Transcribe the data verbatim and drop its images.

## [Exercise data]
○ ○ ○

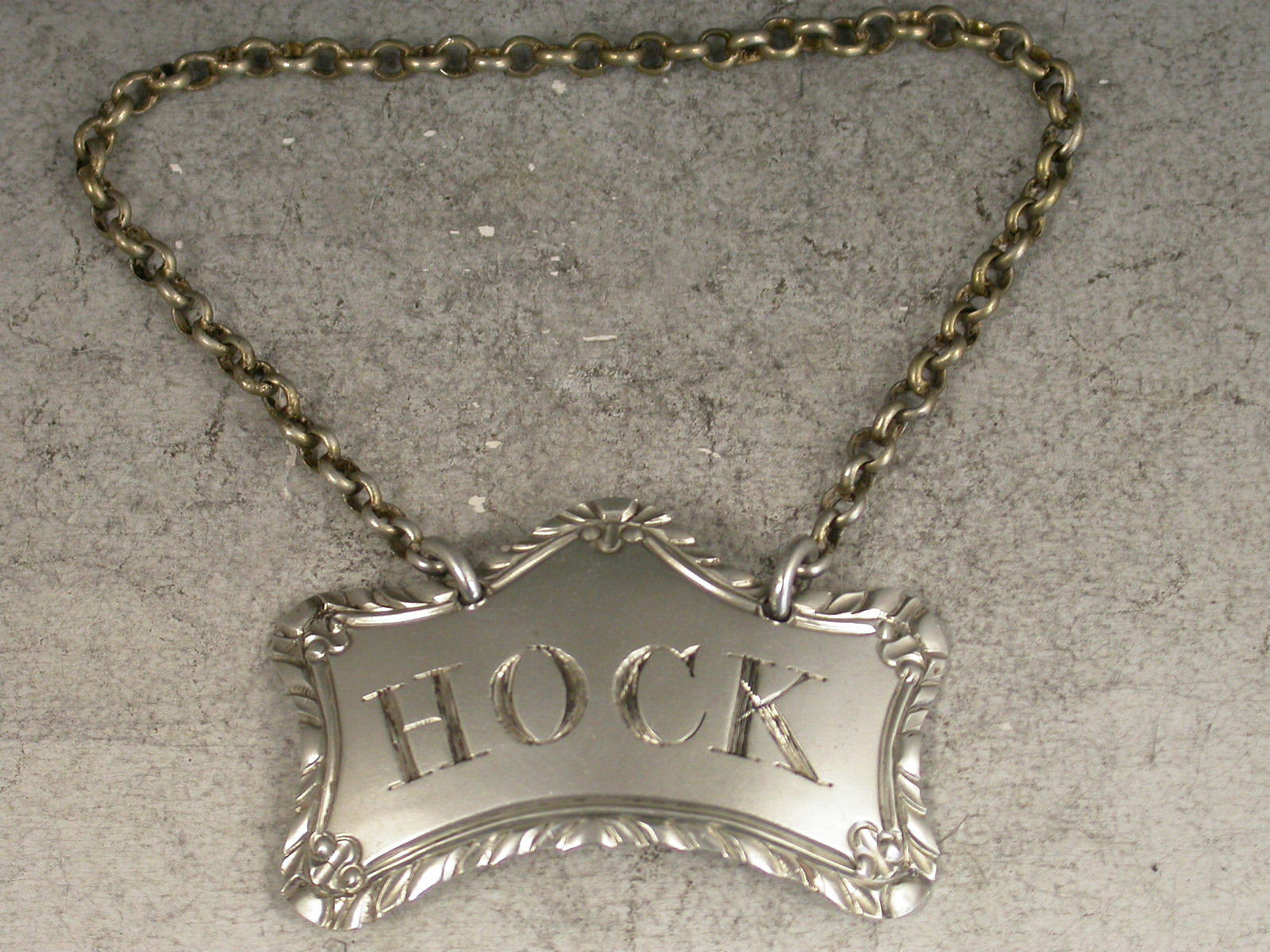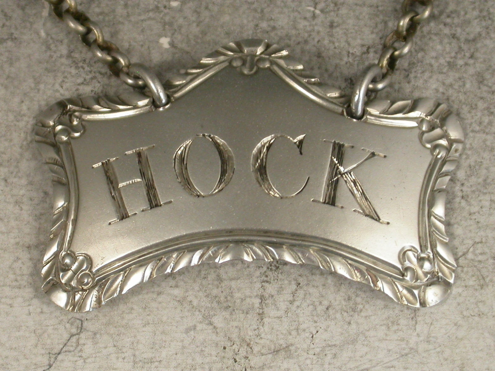 A fine early George III silver Wine Label of domed cushion shape with feather edge border and floral device at each corner, incised for Hock.
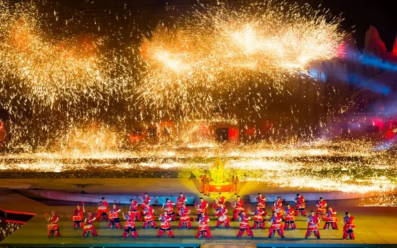 司徒小鎮,重現了山西傳統的市井生活,來到小鎮,能夠體驗到熱情奔放的當地民俗,品嚐到味道可口的本地美食。小鎮上的千年絕技“打鐵花”實景演出更值得一看。春節是司徒小鎮的黃金遊玩期,漫步在充滿著古意的小鎮上,高高懸掛的燈籠營造出濃厚的節日氣氛,還有舞獅、舞龍、踩高蹺、跑旱船等民俗表演。司徒小鎮上還有“打鐵花”團隊,夜幕降臨時,上千人同時打鐵花,朵朵鐵花就像天女散花一樣,非常神奇。
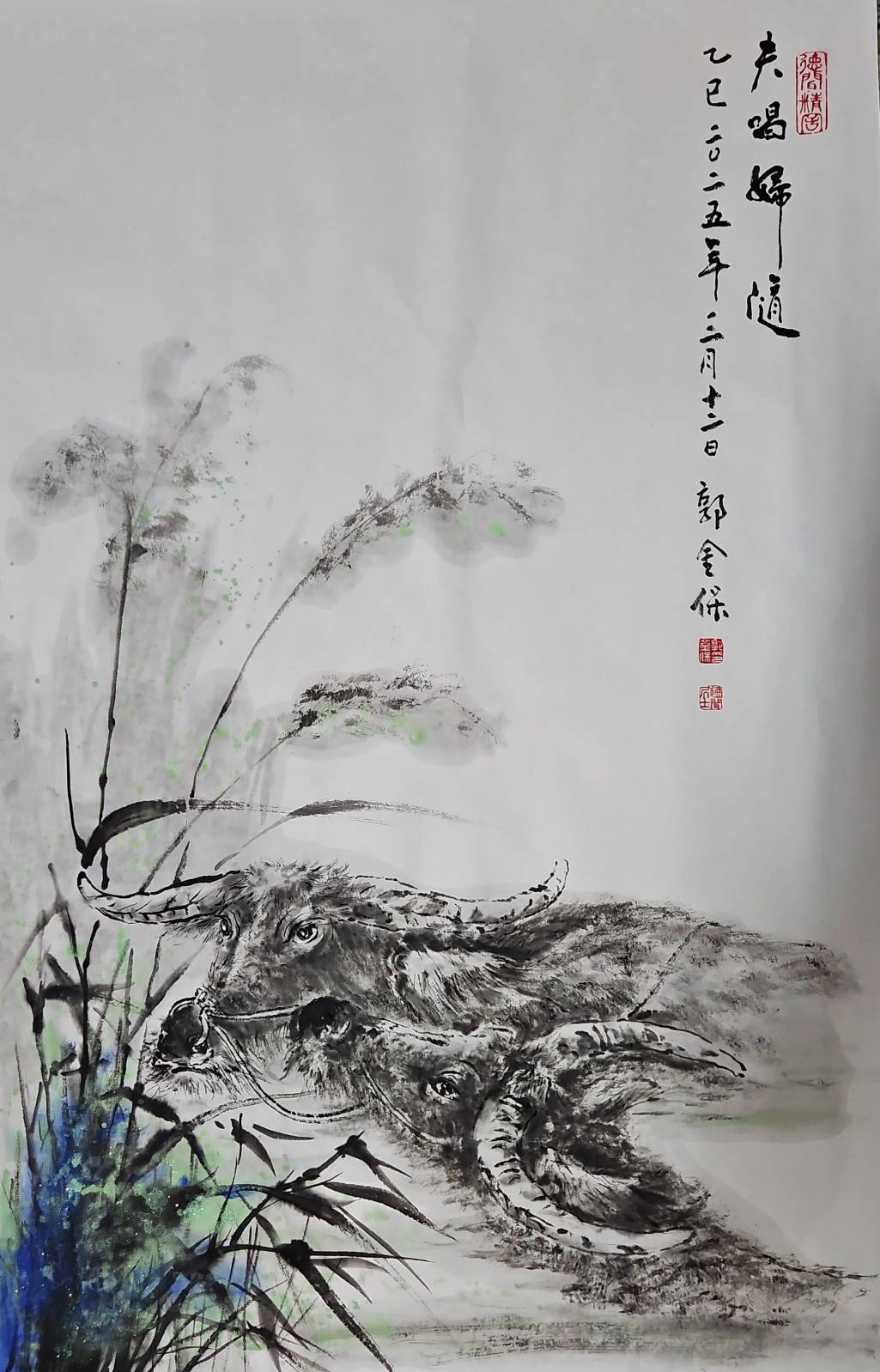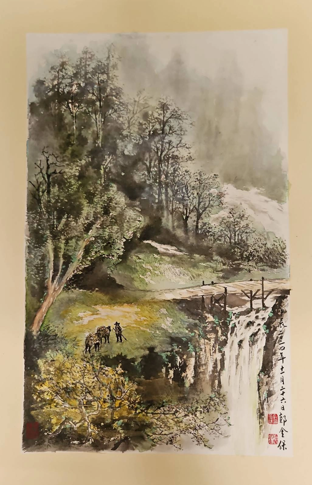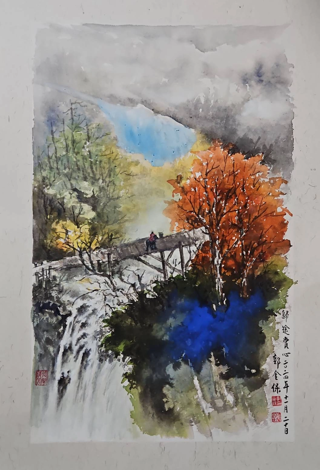 精神好,早起習畫完成《山居圖》山居盡日罕塵事.,人與雲峰相對開二O二五年九月二十七日郭金保

○ ○ ○

## [Result of the task]
 A fine early George III silver Wine Label of domed cushion shape with feather edge border and floral device at each corner, incised for Hock.
 司徒小鎮,重現了山西傳統的市井生活,來到小鎮,能夠體驗到熱情奔放的當地民俗,品嚐到味道可口的本地美食。小鎮上的千年絕技“打鐵花”實景演出更值得一看。春節是司徒小鎮的黃金遊玩期,漫步在充滿著古意的小鎮上,高高懸掛的燈籠營造出濃厚的節日氣氛,還有舞獅、舞龍、踩高蹺、跑旱船等民俗表演。司徒小鎮上還有“打鐵花”團隊,夜幕降臨時,上千人同時打鐵花,朵朵鐵花就像天女散花一樣,非常神奇。
 精神好,早起習畫完成《山居圖》山居盡日罕塵事.,人與雲峰相對開二O二五年九月二十七日郭金保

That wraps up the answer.